Work to complete: Restate the records in full and exactly, with no images included.

Records provided:
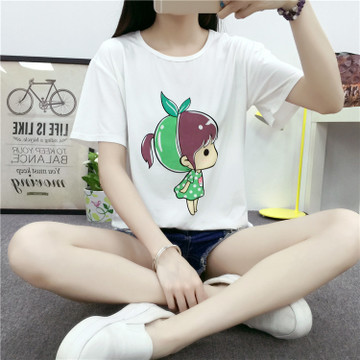 2016夏季韓版修身顯瘦卡通印花短袖t恤女圓領(lǐng)學(xué)生百搭打底衫潮 /
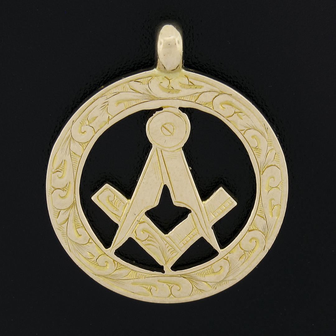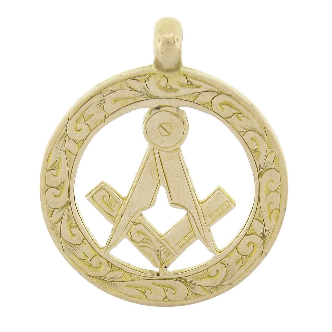 An antique solid 9k yellow gold masonic pendnat. The pendant weighs a total of 5.59 grams, measures 28.6x23.7mm including the bail, and the inside of the bail measures 2.5mm.
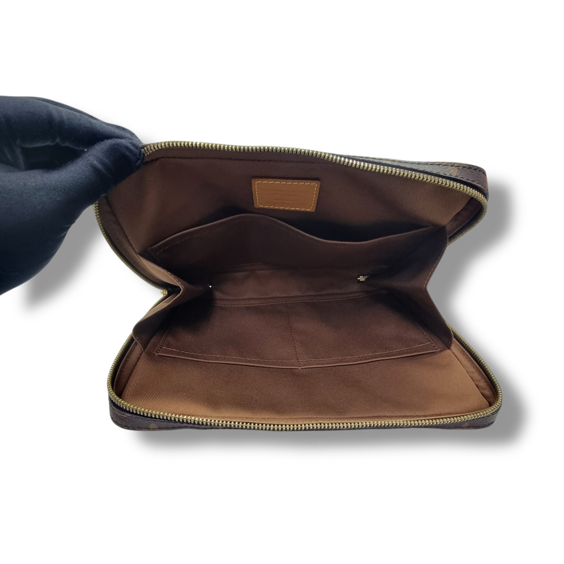 Exterior : The canvas is very clean and nice and hardware has no scratches remain bright. Leather shows little marks. Strap has minor creasing. Overall in very good condition with zip around closure.
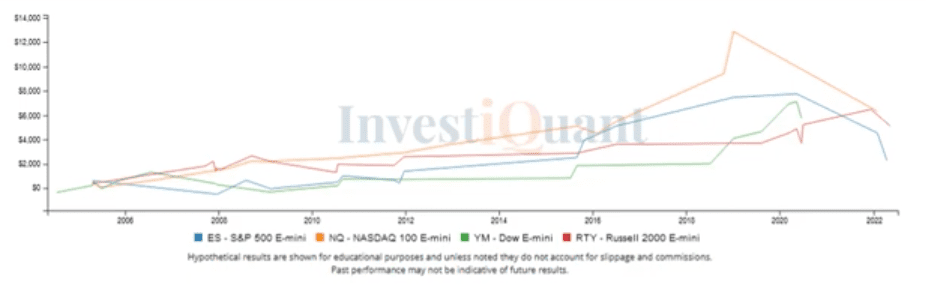 Note: Most tests/studies here are done going long using Future Indices. This is done for several reasons; so you can easily compare different studies/tests, and because of the high correlation of these Indices to other instruments. The Daily IQ is typically an End of Day analysis without stops/targets. You can use Discover to test/study other potential trades with numerous stop/target values. You can make comments below.
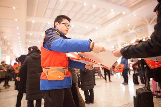 (飛鶴志愿者向上海虹橋火車站旅客發放新春“!弊)
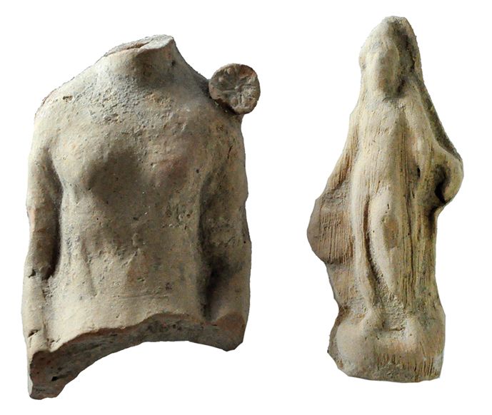 Lote de dos piezas (siglos IV-III a.C.). Terracota. Representa fragmento mujer y figura femenina de pie desnuda. Altura 10,0 y 10,5 cm.

Solution to this task:
 2016夏季韓版修身顯瘦卡通印花短袖t恤女圓領(lǐng)學(xué)生百搭打底衫潮 /
 An antique solid 9k yellow gold masonic pendnat. The pendant weighs a total of 5.59 grams, measures 28.6x23.7mm including the bail, and the inside of the bail measures 2.5mm.
 Exterior : The canvas is very clean and nice and hardware has no scratches remain bright. Leather shows little marks. Strap has minor creasing. Overall in very good condition with zip around closure.
 Note: Most tests/studies here are done going long using Future Indices. This is done for several reasons; so you can easily compare different studies/tests, and because of the high correlation of these Indices to other instruments. The Daily IQ is typically an End of Day analysis without stops/targets. You can use Discover to test/study other potential trades with numerous stop/target values. You can make comments below.
 (飛鶴志愿者向上海虹橋火車站旅客發放新春“!弊)
 Lote de dos piezas (siglos IV-III a.C.). Terracota. Representa fragmento mujer y figura femenina de pie desnuda. Altura 10,0 y 10,5 cm.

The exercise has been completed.